Subject terms: Radiotherapy, Preclinical research

Introduction

Radiotherapy (RT) is a cornerstone of cancer treatment. However, the dose tolerances of normal tissues still compromise an effective treatment of bulky tumors, radioresistant tumors, and certain pediatric cancers, among others. Therefore, finding novel approaches leading to healthy tissue protection is of utmost importance and especially critical in radioresistant tumors.

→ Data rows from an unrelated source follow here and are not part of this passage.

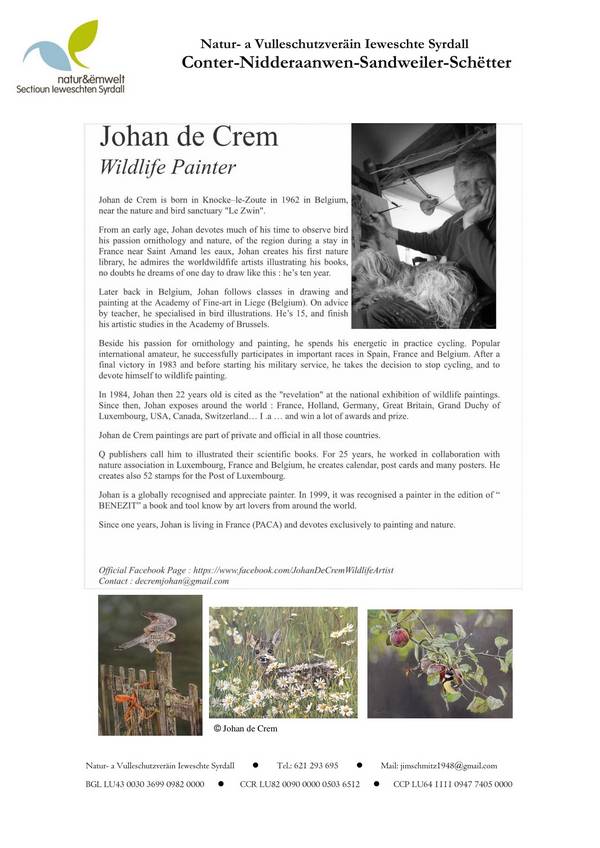 Johan de Crem will also exhibit his works in the headquarters of natur&ëmwelt in Kockelscheuer between 16.11-15.12.2019 (open every day from 14-17:30) !
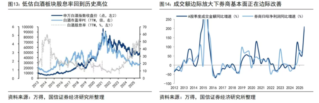 这次科技大趋势不变,关注风格可能阶段性再平衡。24/09以来的这轮行情始于宏观政策导向转向抗通缩,但中长期看促转型仍是关键;叠加AI浪潮引领下科技产业周期向上,因此科技依然是本轮行情的主线。不过25/04以来科技板块涨幅已较为显著,借鉴过去两轮牛市经验,牛市中期价值板块或存在补涨机会,具体而言,关注以下领域:一是地产,去年9/26中央政治局会议以来“稳住楼市股市”政策决心强大,近期北上深等核心城市调整限购政策,8月以来楼市基本面已出现积极变化,股价已经调整5年、估值低的地产有重估潜力。二是以白酒为代表的消费,白酒指数已经下跌5年,股息率回到3.6%处高位,性价比凸显;叠加股市行情回暖对促消费也有积极作用,或推动低估消费板块上行。三是券商,去年924以来股市行情回暖,成交明显放量,中报券商净利润同比已经回升至63%,8月以来成交额放大,未来利润增速有望进一步回升,且金融创新业务将拓宽券商营收。
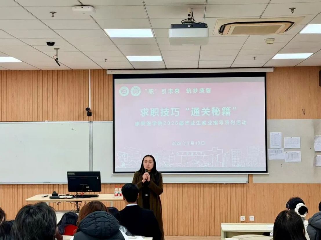 为抢抓应届毕业生求职关键窗口期,进一步提升学生求职竞争力,拓宽健康服务领域就业渠道,搭建用人单位与毕业生双向交流的优质平台,康复医学院于2026年3月19日成功开展“‘职’引未来 筑梦康复”毕业生就业指导系列活动。学院党委副书记毕亚男、毕业班辅导员孙雅静老师出席并主持活动,应届全体毕业生全程参与本次系列活动,在学思践悟中提升求职能力,在双向对接中探寻职业方向。
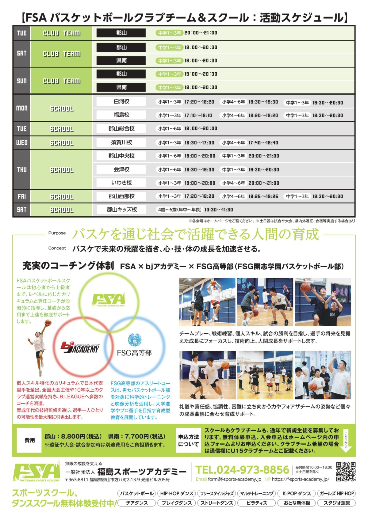 【バスケスクール】GROW UPクラス新規開校のお知らせ(強化育成)/およびFSAクラブチーム発足計画に関して | スクール全体 | 福島スポーツアカデミー
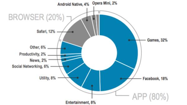 80% времени, в течение которого американцы используют мобильные устройства, пользователи проводят в компании мобильных приложений: игр, новостей, социальных сетей и других полезных программ – и только 20% времени остается на мобильный веб: браузеры Safari, Android Native и Opera Mini. В течение каждого дня владельцы смартфонов и планшетов тратят 2 часа и 7 минут на приложения и всего 31 минуту на серфинг через браузеры.
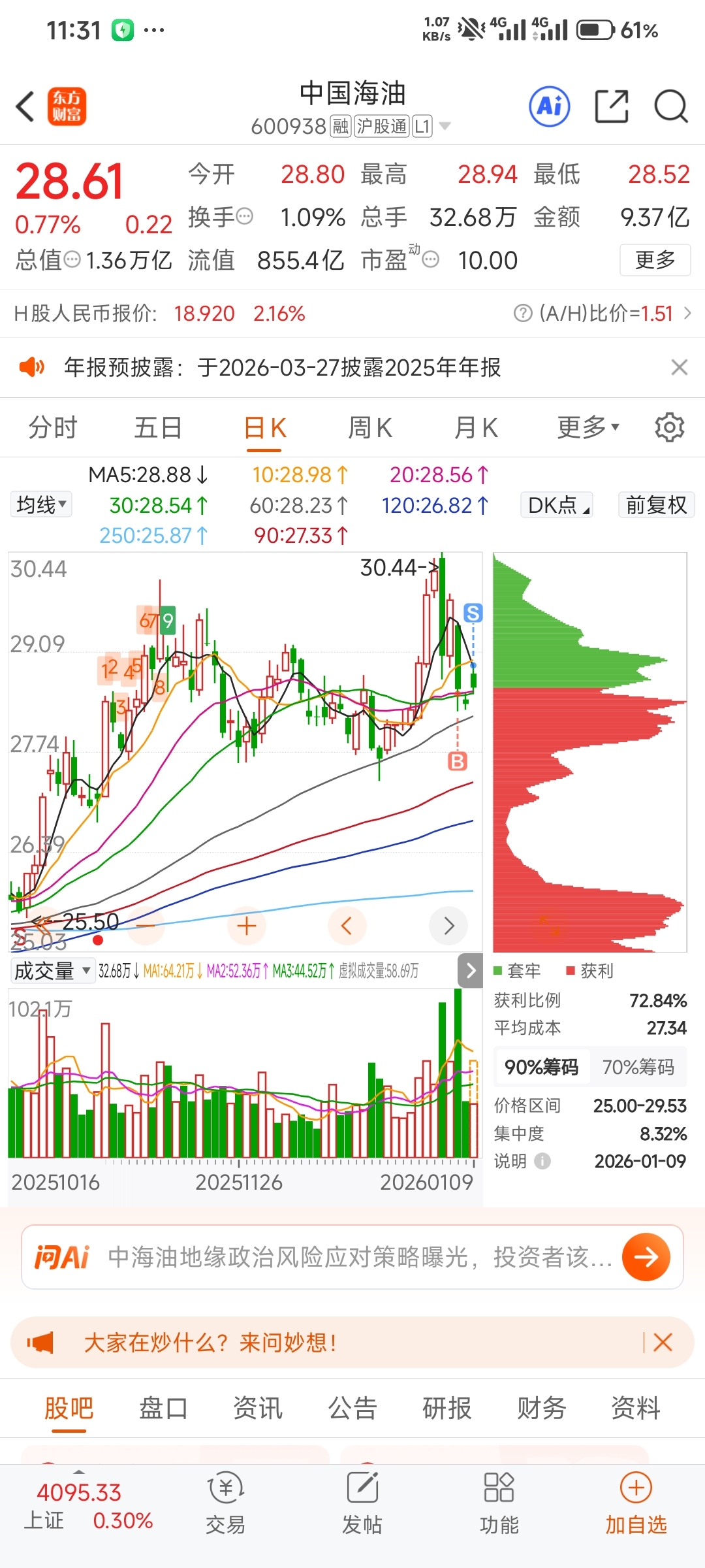 $中国海油(SH600938)$ 大盘16阳,已经人声鼎沸了,今天要感谢石化带了下这垃圾让我跑了,等下周散户哀嚎时候再来。这票不要被股吧那几个股托忽悠,下面获利盘太多,没人抬轿的。

Minibeam radiation therapy (MBRT) is an unconventional approach that uses highly modulated dose distributions1. This spatially fractionated radiotherapy (SFRT) technique employs submillimetric (0.5–1.0 mm-wide) beams spaced by approximately 1.0 to 4.0 mm. Numerous preclinical studies with X-rays and proton MBRT have shown a very significant increase in normal tissue tolerances28 as well as tumor control in aggressive tumor models, such as gliomas912. The successful results of the first veterinary clinical trials in de novo glioma-bearing dogs13 and the outcome of the treatments of the first two MBRT patients14 confirm the therapeutic interest of this technique.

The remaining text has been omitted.